3. Configuring the Internet Gateway (IGW)

  • It is necessary to first create and attach an Internet Gateway to your VPC (MyVPC).

  • It will enable an internet connection to your public subnet.

4. Configure Route Tables

  • Public Route Table:

    • Add routing in the public subnet routing table to route the traffic to the Internet Gateway (0.0.0.0/0).

  • Private Route Table:

    • Create a dedicated route table for the private subnet, without any internet access or routing traffic through a NAT Gateway (intended for outbound internet access only).

5. Attach NAT Gateway

  • You will create a NAT Gateway in the public subnet and associate it with Elastic IP.

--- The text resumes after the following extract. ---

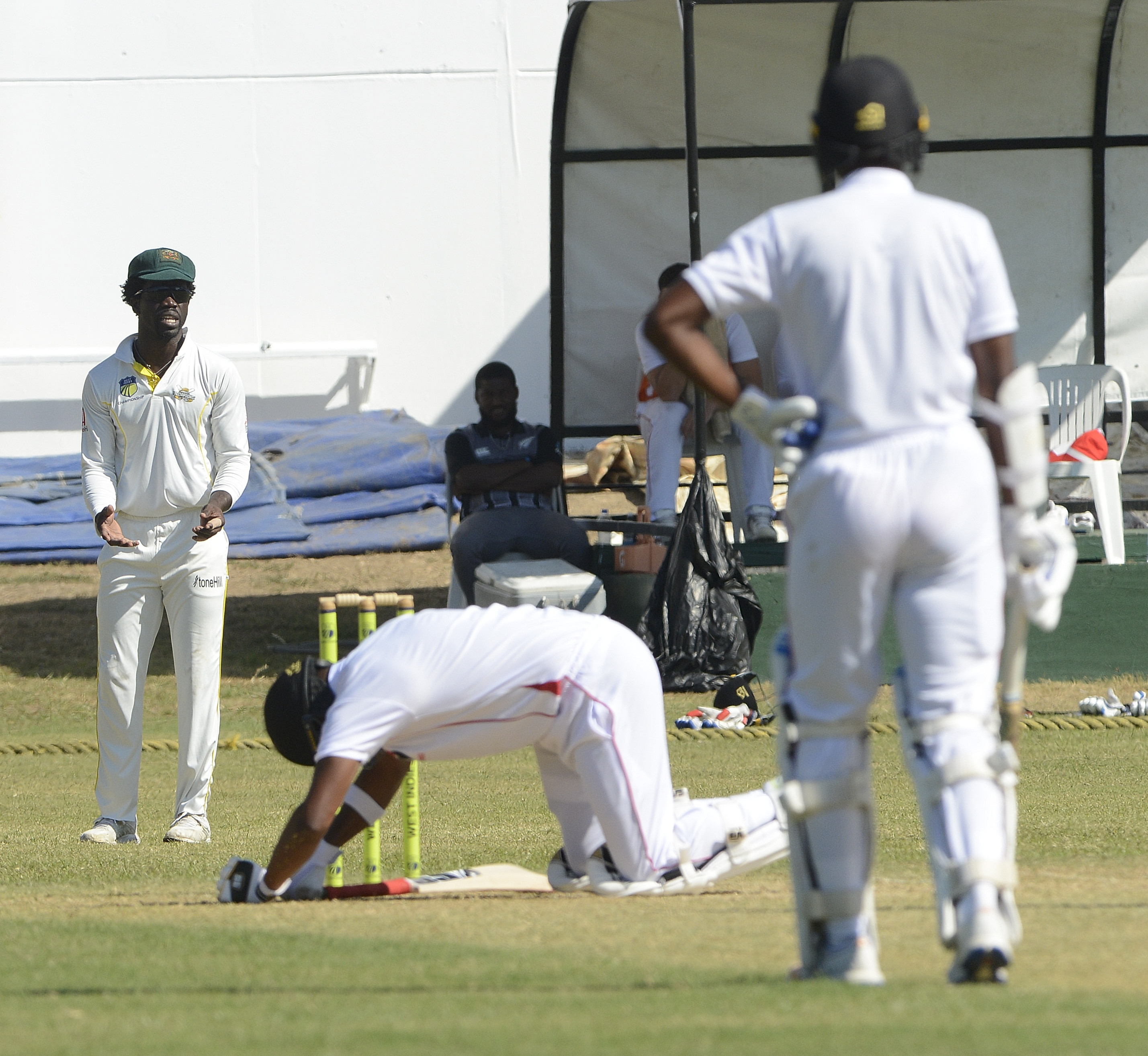 Before the suspension of play, Trinidad and Tobago Red Force batsman Darren Bravo, who is unbeaten on six, repeatedly complained to the umpires. The on field officials, after consulting with third umpire Christopher Wright and match referee Denovan Hayles, for approximately ten minutes, agreed to call a halt to the proceedings.

  • Make a route in the Private route table to route the internet request of the private subnet instances to the NAT Gateway.

6. Setup of VPC Peering

  • To interact between two VPCs, you can set up a VPC Peering Connection.

    • Then, under VPC Peering Connections, create a peering request from a peering connection out of one VPC (VPC-A 10.0.0.0/16) into the target VPC (VPC-B 192.168.0.0/16).

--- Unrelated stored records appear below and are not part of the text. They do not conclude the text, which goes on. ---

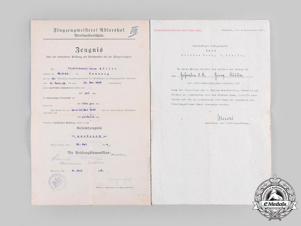 The exam certificate is named to Vizefeldwebel (vice sergeant) Georg Möller, born February 25, 1891 in Hamburg. He participated in a course to become a Werkmeister (senior technician) of the German Air Force between February 1 and May 15, 1918 and passed all exams. The certificate is dated to Adlershof on May 30, 1918, and to Berlin on June 3, 1918. Measuring 209 mm (w) x 328 mm (h), presenting multiple folding creases and light creasing and fraying of the edges, remains very fine.
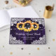 Complement your purple rustic wedding party with this floral wedding guest book featuring sunflowers on a rustic wood background adorned with white floral lace and string lights. Matching items available.
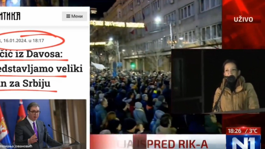 Međutim, predsednik Vučić se u to vreme obraćao javnosti iz Davosa, gde učestvuje na Svetskom ekonomskom forumu. Razdaljina od Beograda do Davosa je "tričavih" 1.115 kilometara, a Vučić je u 18.17 sati rekao:

    • By accepting the request in the target VPC and updating the route tables in both VPCs to allow traffic between the two CIDR ranges.

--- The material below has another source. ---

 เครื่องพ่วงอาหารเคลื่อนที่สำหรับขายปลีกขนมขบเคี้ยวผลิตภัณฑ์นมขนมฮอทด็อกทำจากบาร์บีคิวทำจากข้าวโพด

    • Now, instances in both VPCs can communicate privately over the internet.

7. Security Groups and NACLs

  • Define Security Groups to control the traffic to EC2 instances. For example, allow SSH access on port 22 from a trusted IP range.

  • Implement NACLs to provide an extra layer of security by controlling the inbound and outbound traffic at the subnet level.

Real Use Case: Setting up a Multi-AZ Web Server in AWS VPC

VPC and Subnet Configuration

  1. VPC and Subnet Configuration

    • Create a VPC (10.0.0.0/16) with 2 subnets:

      • Public Subnet: 10.0.1.0/24

      • Private Subnet: 10.0.2.0/24

  2. Deploy EC2 in the Public Subnet

    • Create an EC2 instance in the public subnet.

    • Attach a security group that allows HTTP (port 80) and SSH (port 22) from the internet.

  3. Deploy EC2 in the Private Subnet

    • Launch another EC2 instance in the private subnet. Use this instance for backend services or databases that don’t need direct internet access.

    • Configure internet access for the instance, via NAT Gateway.

  4. Cross-VPC Communication — VPC Peering

    • Let's assume you have another VPC (192.168.0.0/16) for more resources Next, configure VPC Peering between MyVPC and your secondary VPC, so that your instances in both VPCs can communicate without having access to the internet.

Conclusion

AWS VPC also offers ultimate control over your architecture. Understanding CIDR blocks, subnets, route tables, and other components such as internet gateways and VPC peering enables you to build scalable and secure cloud environments. From running a simple web server to designing a complex multi-VPC architecture, these are a must-know for anyone in Cloud.